After receiving much praise from critics during the 1940s and the early 1950s Yamamoto got married to Anthony DeSoto and moved to Los Angeles. She is a mother of five. Yamamoto has spoken about the challenges she faced in finding time to write. She said: “Most of the time I’m cleaning the house or cooking or working in the yard. The time I spend writing is very limited. writing. If someone said I was unable to write, it could cause me great grief.”

DeSoto passed away in 2003.Yamamoto was unwell since suffering the stroke that occurred in 2010, passed away in 2011 of a sleep disorder on her property in the northwestern part of Los Angeles at the age of 89.

Hisaye Yamamotoin : List of stories

Seventeen Syllables (1949)—This story tracks the parallel stories of a young Nisei girl and her Issei mother


Wilshire Bus (1950)— After World War II, a young Japanese-American narrator observes an American on a bus harassing a Chinese couple, prompting her to internally gloat and then question her own gloating. The narrator contemplates anti-Japanese sentiment as well as the complicated interactions between different ethnic groups.

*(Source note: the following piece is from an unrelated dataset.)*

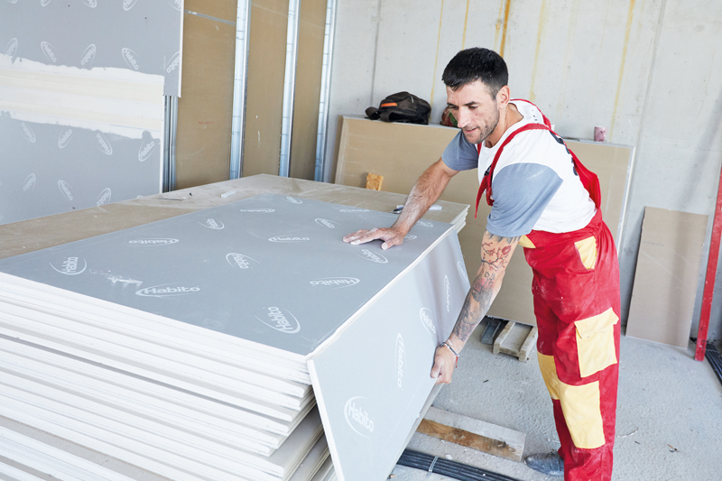 Positiv für das Trockenbauteam um Arber Elshani: »Rigips Habito« lässt sich wie eine herkömmliche Hartgipsplatte bearbeiten. Die Platten werden einseitig mit einem normalen Cuttermesser angeritzt und können dann sauber und exakt an der Schnittkante gebrochen werden. Ein zusätzliches Glätten der Kanten mit einem entsprechenden Hobel ist meist nicht nötig. Positiv für Planer und Bauherrn: Trotz ihres massiven Charakters fallen Wände mit »Rigips Habito« im Vergleich zu Wänden etwa aus Porenbeton oder Kalksandstein für die Gebäudestatik kaum »ins Gewicht«, so Hersteller Rigips. Darüber hinaus werde nahezu keine zusätzliche Baufeuchte bei der Errichtung der nichttragenden Innenwände eingebracht, was einem raschen Baufortschritt zuträglich sei.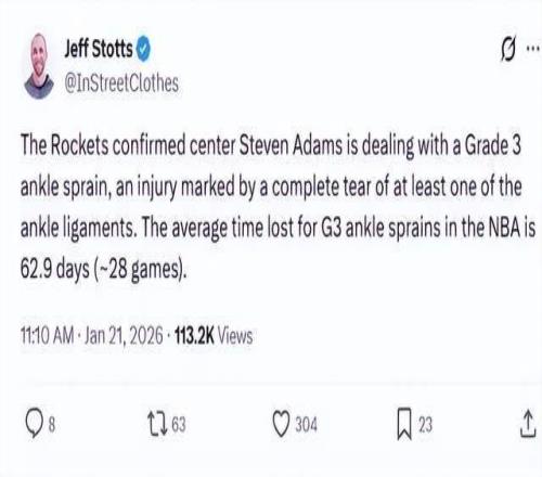 此前对阵鹈鹕的比赛中,亚当斯在篮下踉跄倒下,赛后伤病报告显示,脚踝三级扭伤,至少休息三到六个月。

The High-Heeled Shoes: A Memoir (1948)—This story deals primarily with how women are treated in society. The first-person narrator describes instances of sexual harassment she and other women have experienced, from phone solicitations to threats of rape.

The Brown House (1951)—A wife becomes an unwilling enabler of her husband’s gambling habit, which brings financial trouble on the entire family. This story explores themes of beleaguered wifehood as well as ethnic interactions.

Yoneko’s Earthquake (1951): It is the most interesting book

Morning Rain (1952)—This story relates a moment in time taking place over breakfast between a Nisei daughter and her Issei father. Over the course of the story, we learn that the daughter has married an American man and feels disconnected from her father. The story ends with a sudden revelation that is symbolic of the communication gap between generations: the woman discovers that her father has difficulty hearing.